_What you will do_
Repeat exactly what runs from the line with "Chrysler Group LLC" through the last line of the material, and keep the pictures out of it.

_Supplied information_
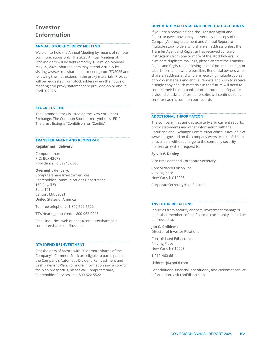 Annual Report-2024_PRESS.indd 14 3/11/25 12:11 PM CON EDISON ANNUAL REPORT 2024 193 Investor Information ANNUAL STOCKHOLDERS’ MEETING We plan to hold the Annual Meeting by means of remote communications only. The 2025 Annual Meeting of Stockholders will be held remotely 10 a.m. on Monday, May 19, 2025. Shareholders may attend virtually by visiting www.virtualshareholdermeeting.com/ED2025 and following the instructions in the proxy materials. Proxies will be requested from stockholders when the notice of meeting and proxy statement are provided on or about April 9, 2025. STOCK LISTING The Common Stock is listed on the New York Stock Exchange. The Common Stock ticker symbol is “ED.” The press listing is “ConEdison” or “ConEd.” TRANSFER AGENT AND REGISTRAR Regular mail delivery: Computershare P.O. Box 43078 Providence, RI 02940-3078 Overnight delivery: Computershare Investor Services Shareholder Communications Department 150 Royall St Suite 101 Canton, MA 02021 United States of America Toll-free telephone: 1-800-522-5522 TTY/Hearing Impaired: 1-800-952-9245 Email inquiries: web.queries@computershare.com computershare.com/investor DIVIDEND REINVESTMENT Stockholders of record with 50 or more shares of the Company’s Common Stock are eligible to participate in the Company’s Automatic Dividend Reinvestment and Cash Payment Plan. For more information and a copy of the plan prospectus, please call Computershare, Shareholder Services, at 1-800-522-5522. DUPLICATE MAILINGS AND DUPLICATE ACCOUNTS If you are a record holder, the Transfer Agent and Registrar (see above) may deliver only one copy of the Company’s proxy statement and Annual Report to multiple stockholders who share an address unless the Transfer Agent and Registrar has received contrary instructions from one or more of the stockholders. To eliminate duplicate mailings, please contact the Transfer Agent and Registrar, enclosing labels from the mailings or label information where possible. Beneficial owners who share an address and who are receiving multiple copies of proxy materials and annual reports and wish to receive a single copy of such materials in the future will need to contact their broker, bank, or other nominee. Separate dividend checks and form of proxies will continue to be sent for each account on our records. ADDITIONAL INFORMATION The company files annual, quarterly and current reports, proxy statements and other information with the Securities and Exchange Commission which is available at www.sec.gov and on the company website at conEd.com or available without charge to the company security holders on written request to: Sylvia V. Dooley Vice President and Corporate Secretary Consolidated Edison, Inc. 4 Irving Place New York, NY 10003 CorporateSecretary@conEd.com INVESTOR RELATIONS Inquiries from security analysts, investment managers, and other members of the financial community should be addressed to: Jan C. Childress Director of Investor Relations Consolidated Edison, Inc. 4 Irving Place New York, NY 10003 1-212-460-6611 childressj@conEd.com For additional financial, operational, and customer service information, visit conEdison.com.
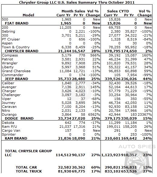 Chrysler Group LLC today reported U.S. sales of 114,512, a 27 percent increase compared with sales in October 2010 (90,137 units), and the best October sales since 2007.
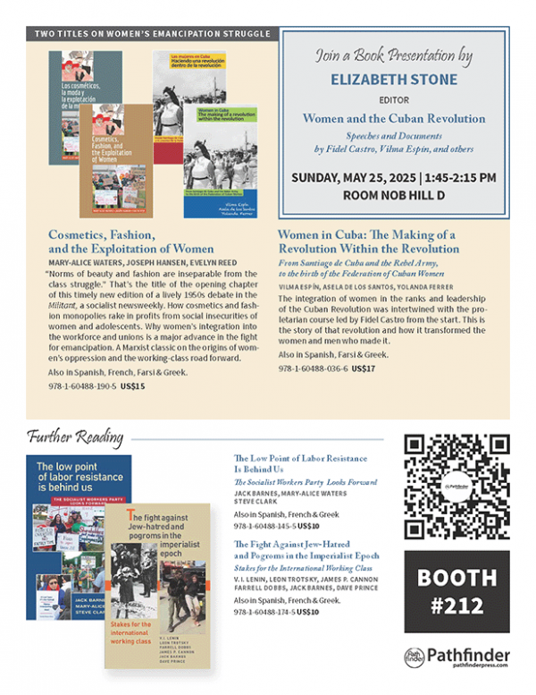 With 450 titles in English, Spanish, French, Arabic, and Farsi, Pathfinder Press offers books that are a vital part of the deepening discussion on which way forward out of capitalism’s economic, moral, and social crisis and unending wars that threaten humanity. Books on Cuba’s socialist revolution, labor struggles, Black and women’s liberation, Jew-hatred, and writings by revolutionary leaders, including Karl Marx, Frederick Engels, V. I. Lenin, Fidel Castro, Che Guevara, Thomas Sankara, Malcolm X, Farrell Dobbs, Nelson Mandela, Maurice Bishop, Mary-Alice Waters, Jack Barnes, and many others.
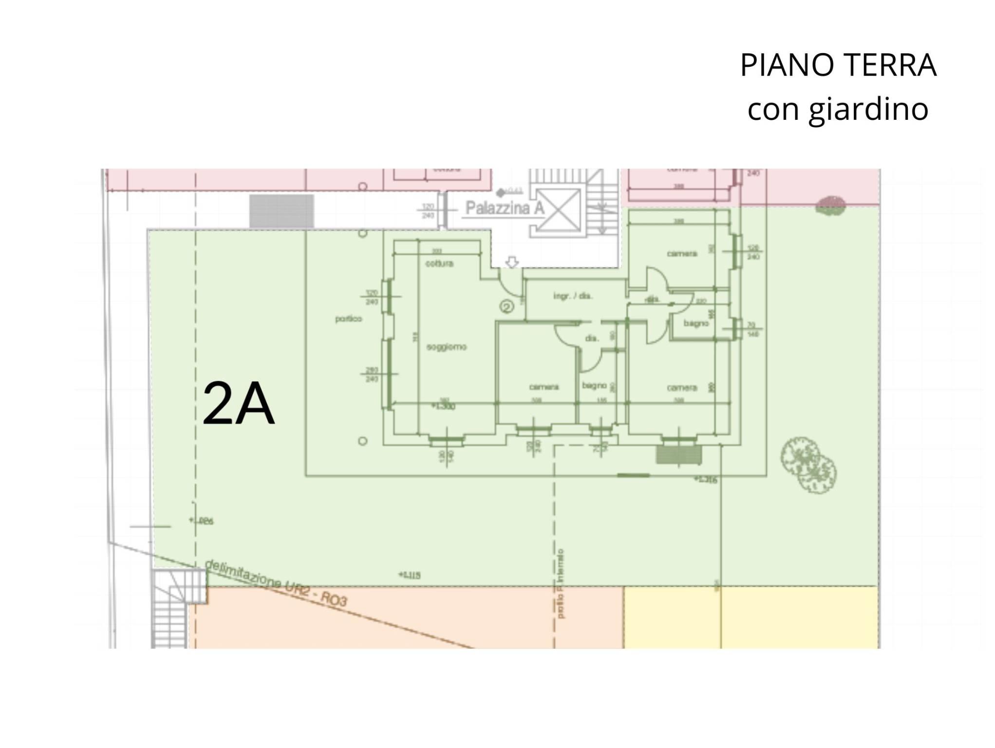 2A. QUADRILOCALE di 108,5 mq con doppi servizi e giardino di 151,3 mq. Box di 37,4 mq e cantina di 9,28 mq. Euro 447.066,60

_Problem solution_
 Chrysler Group LLC today reported U.S. sales of 114,512, a 27 percent increase compared with sales in October 2010 (90,137 units), and the best October sales since 2007.
 With 450 titles in English, Spanish, French, Arabic, and Farsi, Pathfinder Press offers books that are a vital part of the deepening discussion on which way forward out of capitalism’s economic, moral, and social crisis and unending wars that threaten humanity. Books on Cuba’s socialist revolution, labor struggles, Black and women’s liberation, Jew-hatred, and writings by revolutionary leaders, including Karl Marx, Frederick Engels, V. I. Lenin, Fidel Castro, Che Guevara, Thomas Sankara, Malcolm X, Farrell Dobbs, Nelson Mandela, Maurice Bishop, Mary-Alice Waters, Jack Barnes, and many others.
 2A. QUADRILOCALE di 108,5 mq con doppi servizi e giardino di 151,3 mq. Box di 37,4 mq e cantina di 9,28 mq. Euro 447.066,60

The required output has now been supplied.